## Records for this exercise
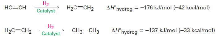 Alkynes are reduced to alkanes by addition of H2 over a metal catalyst. The reaction occurs in two steps through an alkene intermediate, and measurements show that the first step in the reaction is more exothermic than the second.
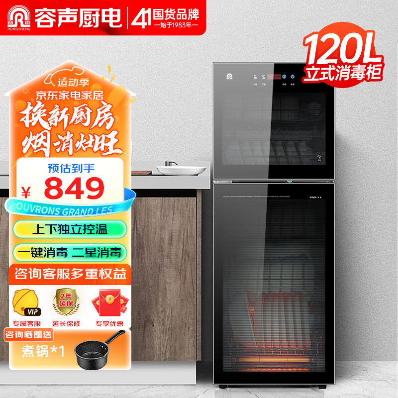 容声(RONGSHENG)消毒柜家用 立式消毒碗柜 商用 餐具茶杯碗筷厨房臭氧消毒柜120L双门大容量178-RQ230(A)价格:849.00元!
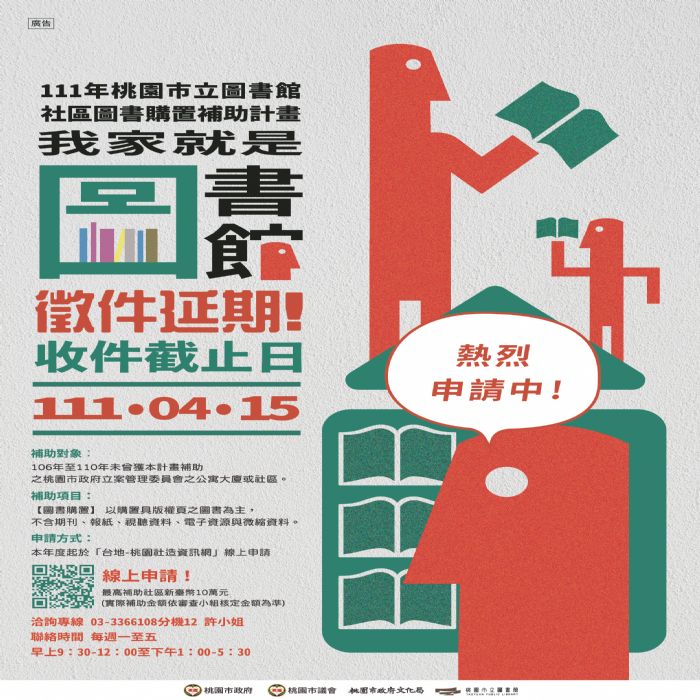 「111年桃園市立圖書館社區圖書購置補助計畫」收件日期延期至111年4月15日止!桃園市立圖書館原定於1月17日至3月22日辦理社區購書補助計畫收件,惟自申請期程開跑,民眾詢問電話熱度不斷,考量為使社區民眾有更充足申請作業時間,決定延長申請時間延至4月15日,歡迎未曾獲本計畫補助之桃園市政府立案管理委員會之公寓大廈或社區踴躍申請,建置社區藏書風格與閱覽空間,打造「我家就是圖書館」。
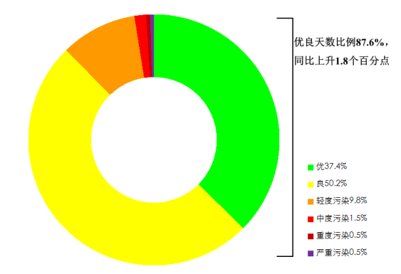1—9月,全国339个地级及以上城市平均空气质量优良天数比例为87.6%,同比上升1.8个百分点;平均重度及以上污染天数比例为1.1%,同比持平。由沙尘天气导致的平均超标天数比例为3.1%,其中重度及以上污染天数比例为0.7%。
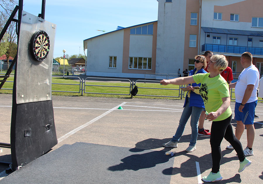 С азартом члены команд участвовали в соревнованиях по бегу, волейболу, дартсу, в гиревом спорте, в бросках баскетбольного мяча, в игре в «городки».

## Your instructions
Could you write the entries out again exactly, without their pictures?

## The completed task
 Alkynes are reduced to alkanes by addition of H2 over a metal catalyst. The reaction occurs in two steps through an alkene intermediate, and measurements show that the first step in the reaction is more exothermic than the second.
 容声(RONGSHENG)消毒柜家用 立式消毒碗柜 商用 餐具茶杯碗筷厨房臭氧消毒柜120L双门大容量178-RQ230(A)价格:849.00元!
 「111年桃園市立圖書館社區圖書購置補助計畫」收件日期延期至111年4月15日止!桃園市立圖書館原定於1月17日至3月22日辦理社區購書補助計畫收件,惟自申請期程開跑,民眾詢問電話熱度不斷,考量為使社區民眾有更充足申請作業時間,決定延長申請時間延至4月15日,歡迎未曾獲本計畫補助之桃園市政府立案管理委員會之公寓大廈或社區踴躍申請,建置社區藏書風格與閱覽空間,打造「我家就是圖書館」。
1—9月,全国339个地级及以上城市平均空气质量优良天数比例为87.6%,同比上升1.8个百分点;平均重度及以上污染天数比例为1.1%,同比持平。由沙尘天气导致的平均超标天数比例为3.1%,其中重度及以上污染天数比例为0.7%。
 С азартом члены команд участвовали в соревнованиях по бегу, волейболу, дартсу, в гиревом спорте, в бросках баскетбольного мяча, в игре в «городки».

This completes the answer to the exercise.